Why Keeping Geese on the Farm is Beneficial

Reasons Why Are Geese Important

Why Keeping Geese on the Farm is Beneficial

More and more homesteads across the United States are incorporating geese into their backyard flocks. It’s no wonder keeping geese on the farm is a strategy that has been employed for hundreds of years — they offer utility and companionship. A goose, depending on its size and breed, can contribute to the homestead with services such as lawn maintenance and flock guardianship. They can provide a food source by offering their eggs and meat. Their soft down can supply us with warmth. There is a myriad of reasons to raise geese and multiple methods they can earn their keep.

The Goose as a Watchdog

One of the most common purposes for incorporating geese into your farm’s portfolio is for their natural ability to protect their flockmates, young, and territory. In fact, it was the Roman goose that honked in the dead of night in 365 BC which alerted the Romans to an invasion of their capital city by the Gauls. Soldier and consul, Marcus Manlius sprang into action at the sound of the goose’s alarm and Rome was saved.

Geese are instinctively very aware of their surroundings and environment and will sound their honk at any unusual activity or disturbance. They will physically attack if needed to protect fellow geese, duck, and chicken flock members from skunks, weasels, hawks, snakes, and raccoons. Though a large predator such as a fox, wolf, or bear will dominate the strength of the goose, these livestock guardians can at least alert the farmer of danger by honking their call.

A Sebastopol and Large Dewlap Toulouse goose graze alongside their duck flock members, maintaining the pasture while guarding the flock.

Lawn and Pasture Maintenance

Many geese breeds have voracious appetites and spend much of their time grazing freely as grass provides the goose with the majority of its diet and nutrition. Their serrated beaks tear off the tender tips of each blade of grass leaving a trail of maintained lawn behind them. Weeder geese is a term widely used to describe geese who are kept for foraging on weeds such as orchard grass, Bermuda grass, Johnson, and nut grasses.

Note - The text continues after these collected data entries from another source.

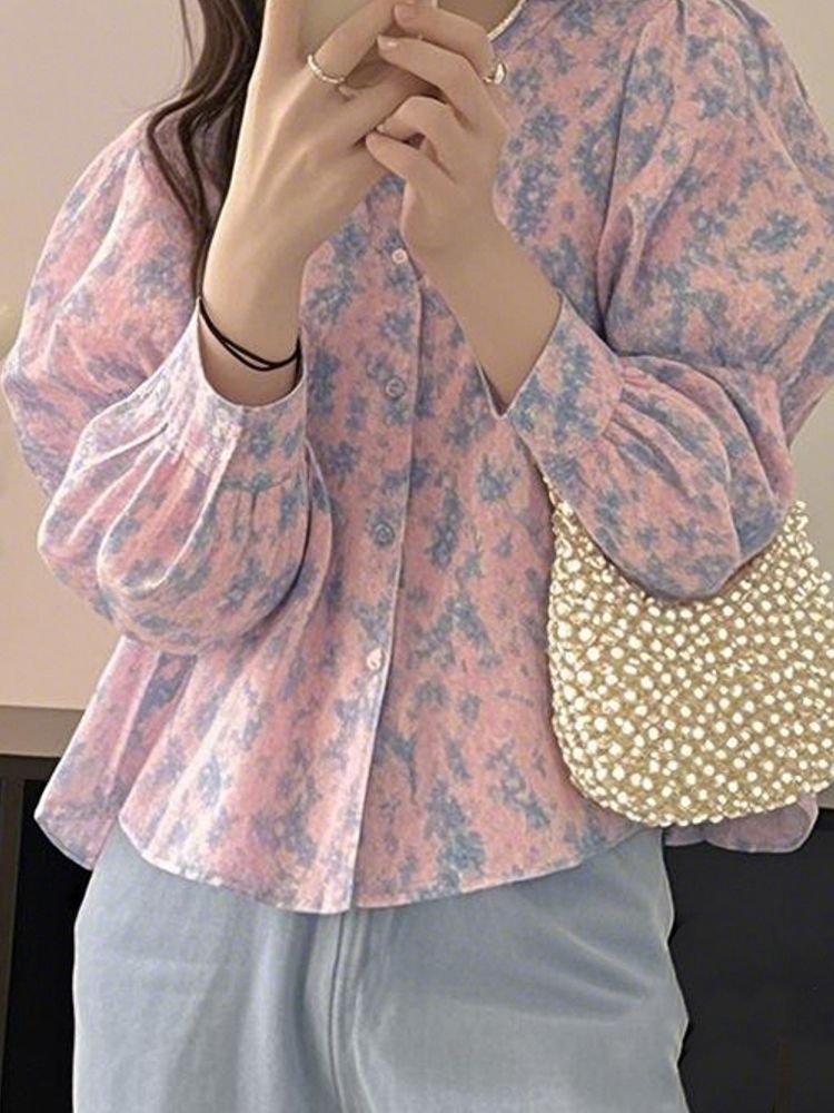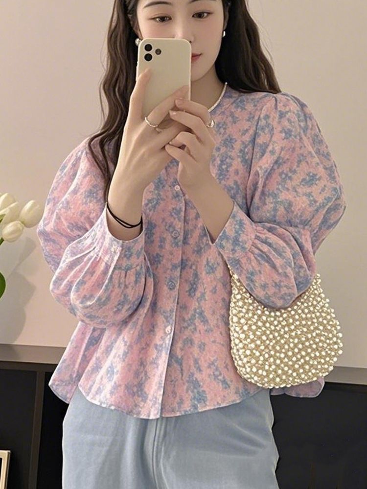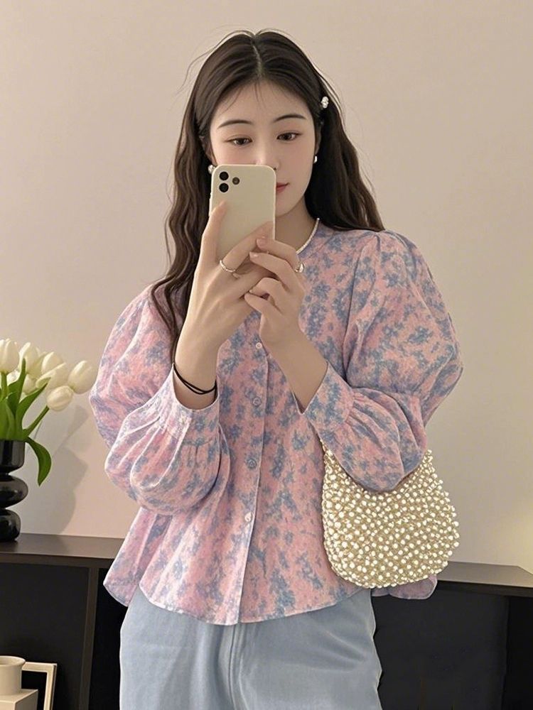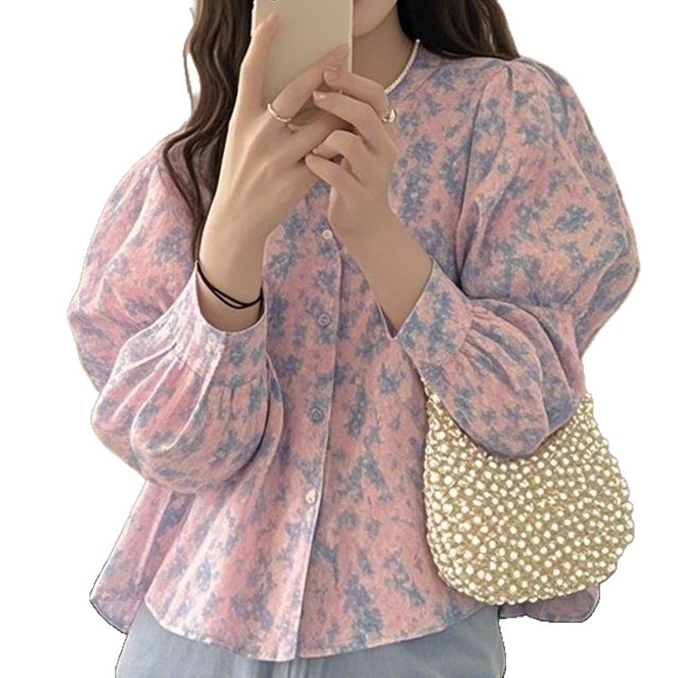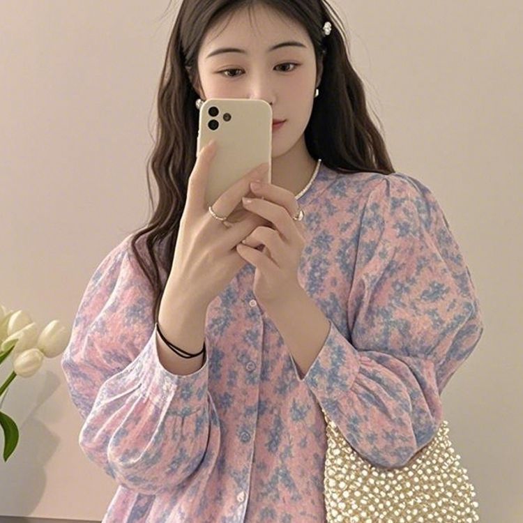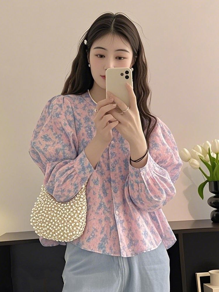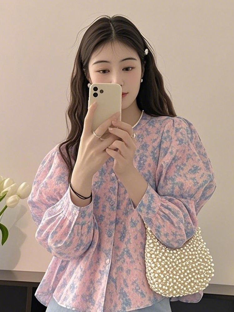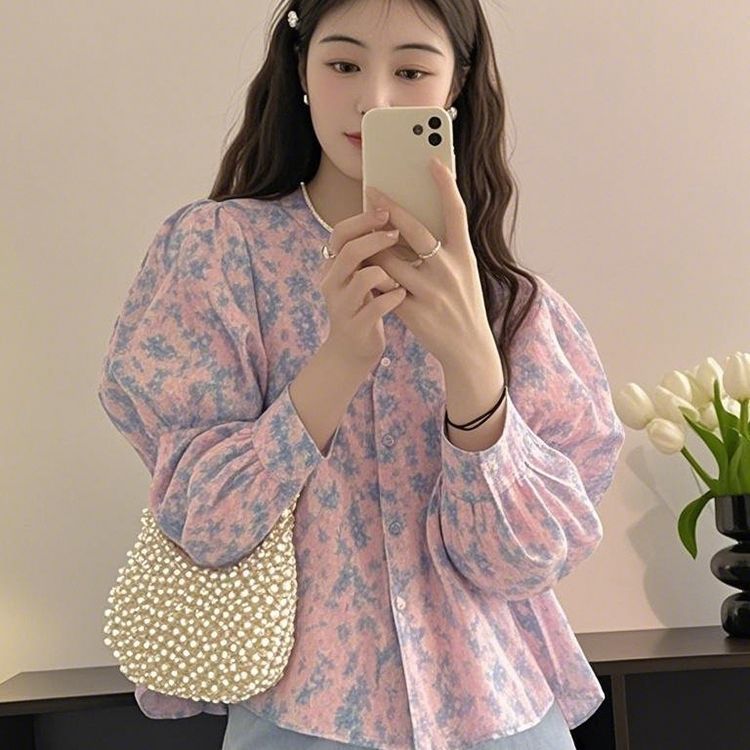 2025 новая красивая рубашка для весны, нишевая одежда, высококлассная, легкая роскошь, омолаживающая, в западном стиле, розовая рубашка с принтом для женщин
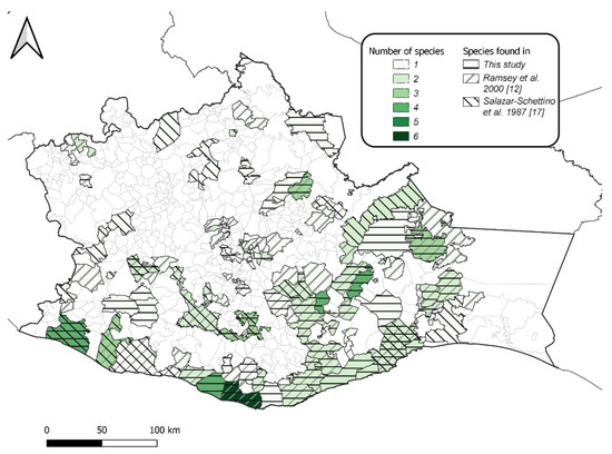 This study demonstrated that Chagas disease is still of paramount importance in Oaxaca. In our entomological surveys, we found that Triatoma spp. nymphs, which are difficult to identify morphologically, could be identified by DNA barcoding, similar to what has been utilized for the molecular identification of immature Culicoides biting midges [34]. Past entomological surveys of the four primary domestic triatomines of this region, T. dimidiata, T. mazzotti, T. pallidipennis, and T. phyllosoma, in 1980 documented their occurrence in 24 municipalities [17]; however, Ramsey et al. (2000) [12] conducted a study between 1996–1998 and reported eight species of triatomines in 64 municipalities [12]. The current study also documents records of the four primary domestic triatomines in 60 municipalities (Figure 1). Figure 1 depicts exactly the 32 new municipality records of this study, revealing, in terms of vector, species occurrence, while Figure 2 shows the actual presence of Triatoma barberi, T. dimidiata, T. mazzotti, and T. phyllosoma. We also highlighted the historic distribution records of the four predominant domestic species of triatomine (Figure S1–S4) and of other triatomine species (Figure S5) [12,17].
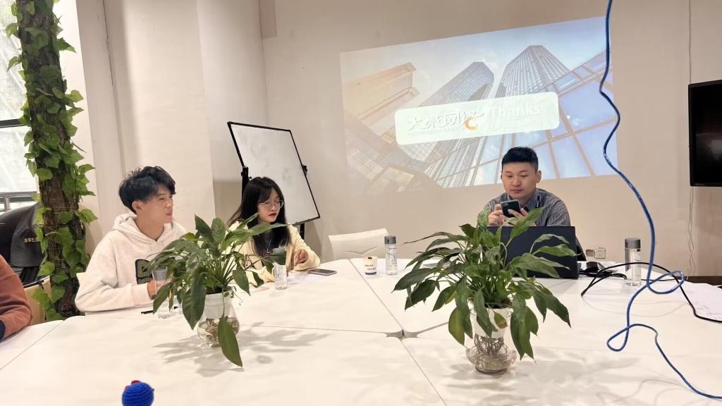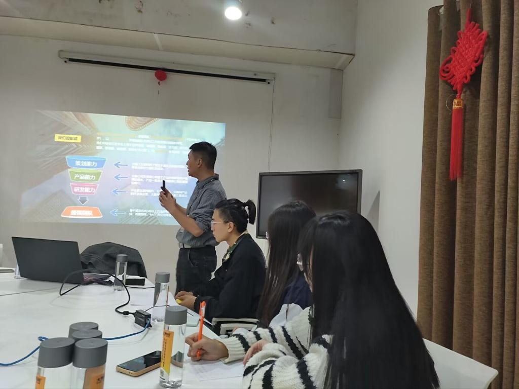 随后,丁元彬总经理在公司中庭同綦河书院资源拓展部的学生们开展了交流会。会议中,丁总为我们详细介绍了大綦网络的基本情况和营运模式,以及自己对创业就业管理方面的认识。同时也对赞助拉取、活动宣传、市场选择方面等进行讲解,同学们全神贯注,认真思考,构思着属于自己的创业道路,响应了我校信息产业商学院的特色办学模式,助推了同学们的商才道路。
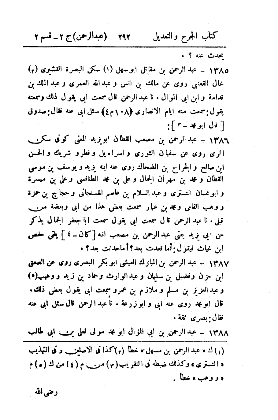 1385- عَبد الرَّحمن بن مقاتل، أَبو سهل سكن البصرة القشيري خال القَعنَبي.
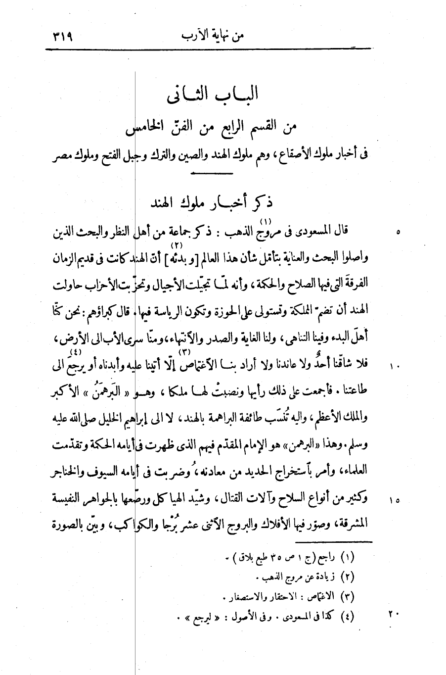 الباب الثانى من القسم الرابع من الفنّ الخامس فى أخبار ملوك الأصقاع، وهم ملوك الهند والصين والترك وجبل الفتح وملوك مصر
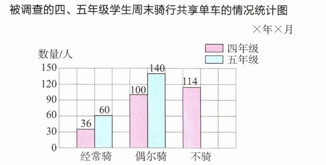 被调查的四、五年级学生周末骑行共享单车的情况统计图
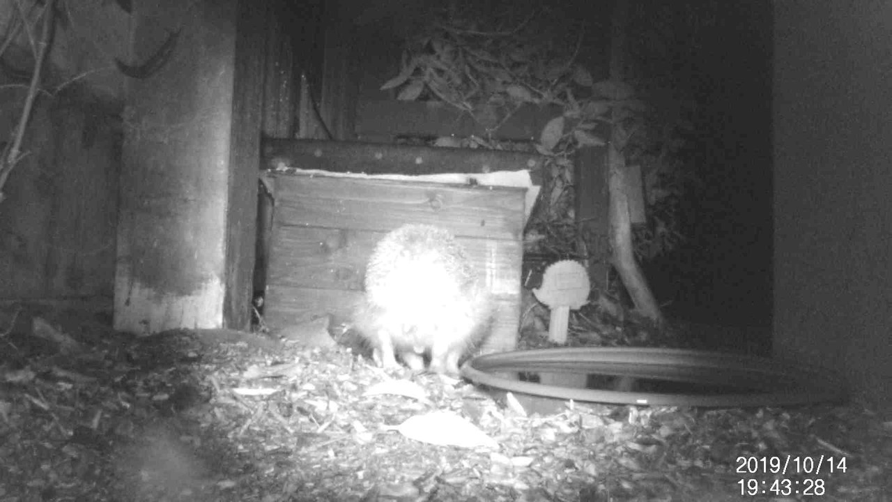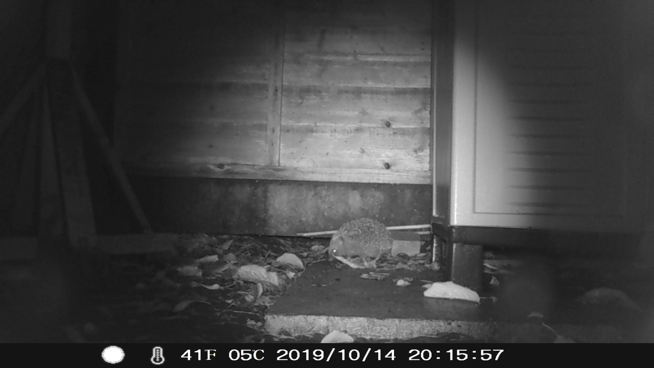 Here's the new hoglet / 8th overall hedgehog. I'm glad the trail camera picked up just how small it is, Camera sometimes makes them look a little bigger but you can see how small he / she is. I'll post videos tomorrow but for now here's a little picture of the newbie!
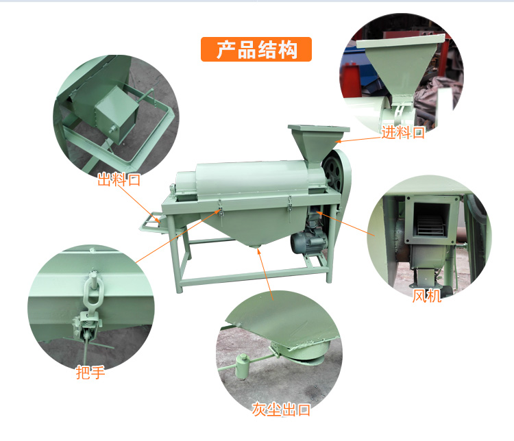 進料口里面有一個調節(jié)擋板可以調節(jié)物料進入多少。出料口為了配合裝袋我們上面有袋子的掛鉤,當然出料口可以根據(jù)您的實際情況進行定做,風機就是將水稻芒還有灰塵等輕小物料直接吹出來,電機我們采用的是全銅線圈電機,耐用,質量好。
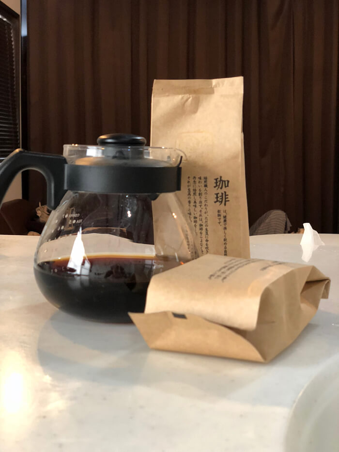 うちの麦ちゃんとトマくんとたくさん遊んでくれて、Tシャツやバッグなどもお買い上げくださって、さらに「コーヒー好きかい?」って聞かれたので「大好きです、朝は必ず飲みます」と言ったら「俺、趣味でコーヒーの焙煎してて、今車にあるから持って来るよ」と・・・いただいちゃいました、趣味とは思えないレベル。
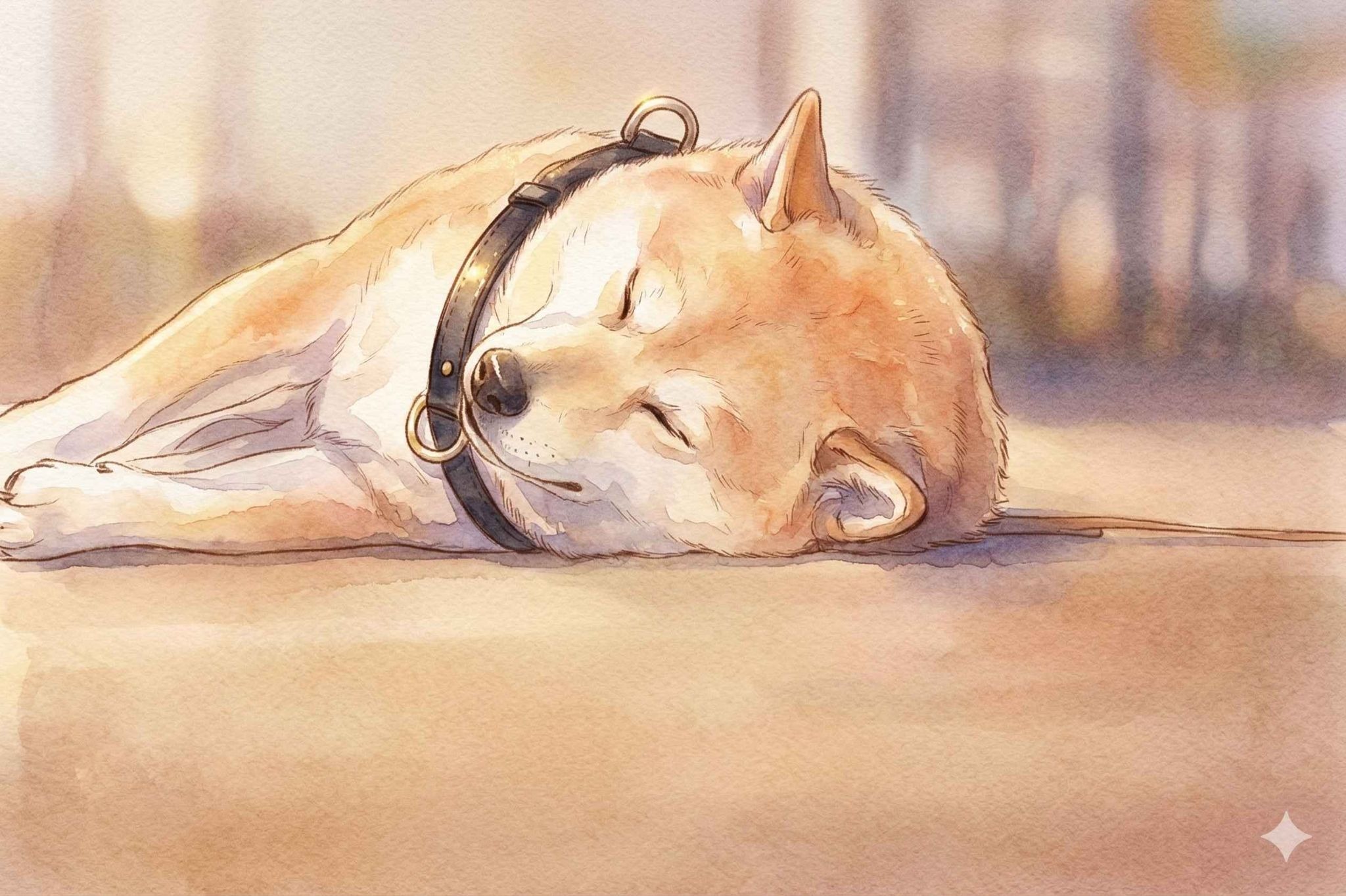 愛らしい柴犬が眠る写真をベースに、元の写真の構図と西日のあたたかさを維持しつつ、高品質な「アニメ風水彩イラスト」へ変換する検証です。
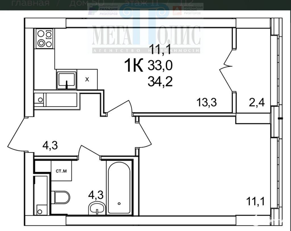 - 34 м²
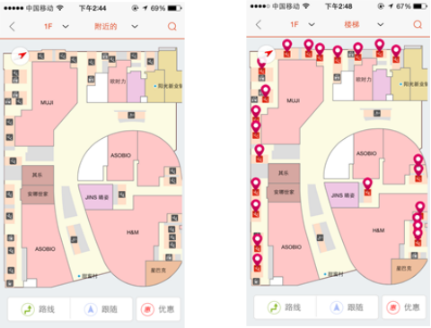 除了“會員”之外,新業匯O2O平臺還設有“商戶”“活動”“優惠”“地圖”“美食”“電影”“停車”等七大功能版塊。通過這些版塊可以迅速了解到各大商鋪的折扣信息,快速購買折扣電影票、餐飲折扣券等物品。其中最受歡迎的是室內地圖功能——打開新業匯App,點擊“地圖”就能獲取一份隨身的室內地圖,并通過商場免費WiFi或藍牙進行定位,獲取當前位置信息。不管是商鋪、洗手間、扶梯、服務臺還是停車場都能依靠實時導航功能輕松抵達。
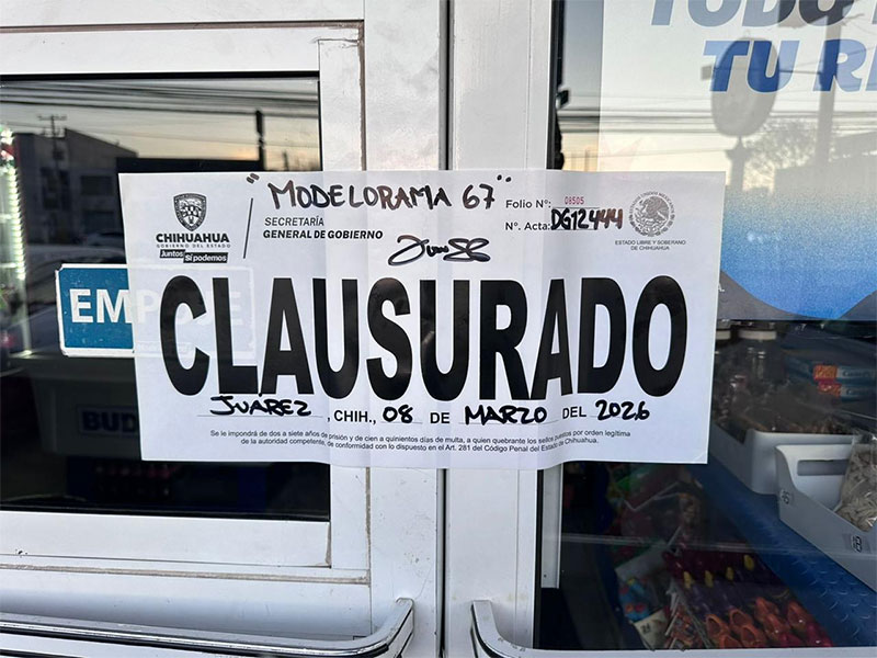 Dichas acciones dieron como resultado un total de 10 clausuras, de las cuales tres fueron en Chihuahua, una en Delicias y seis en Ciudad Juárez.
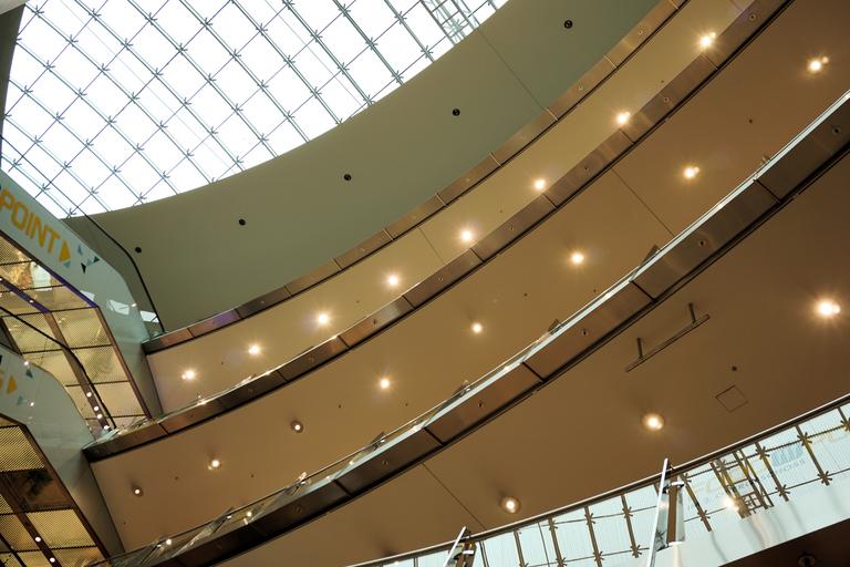 Keywords: department store shopping fashion architecture buy clothing building shopping centre city purchasing consumption window window dressing escalator modern roof roof construction glass
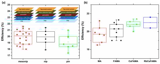 Overall photovoltaic efficiencies of perovskite solar cells with various mixed (or not) perovskite films fabricated via a combined intermediate/anti-solvent crystallization method: (a) mesonip, nip and pin cells refer to a specific architecture depicted in the figure as an inset. See text for further details. (b) MA, FAMA, CsFAMA and RbCsFAMA refer to compounds consisting of pure MAPbI3, mixed FAPbI3-MAPbI3, Cs+-doped mixed FAPbI3-MAPbI3 and Rb+/Cs+-co-doped mixed FAPbI3-MAPbI3, respectively. Note that various types (meso n-i-p, n-i-p and p-i-n) of highly efficient (over 18.5%) solar cells are included in the statistical analysis. Data were taken from the references existing in the present manuscript.

In addition to raising geese on pasture, many homesteaders allow their gaggles to freely roam the farm’s vegetable plots and gardens since geese seem to neglect vegetable and fruit crops such as beet greens, tomatoes, asparagus, mint, and strawberries. They instead consume the unwanted growth or fallen fruit between plant rows and help in keeping the garden weeds to a minimum.

As geese actively roam the yard while feeding, they also deposit manure which returns excellent nutrients to the soil. This waste is rich in nitrogen and phosphate. Though comprised mainly of water, these droppings can be too acidic for plants to be directly applied to the garden. It is recommended that goose manure be added to the compost heap and incorporated into your vegetable beds when decomposed.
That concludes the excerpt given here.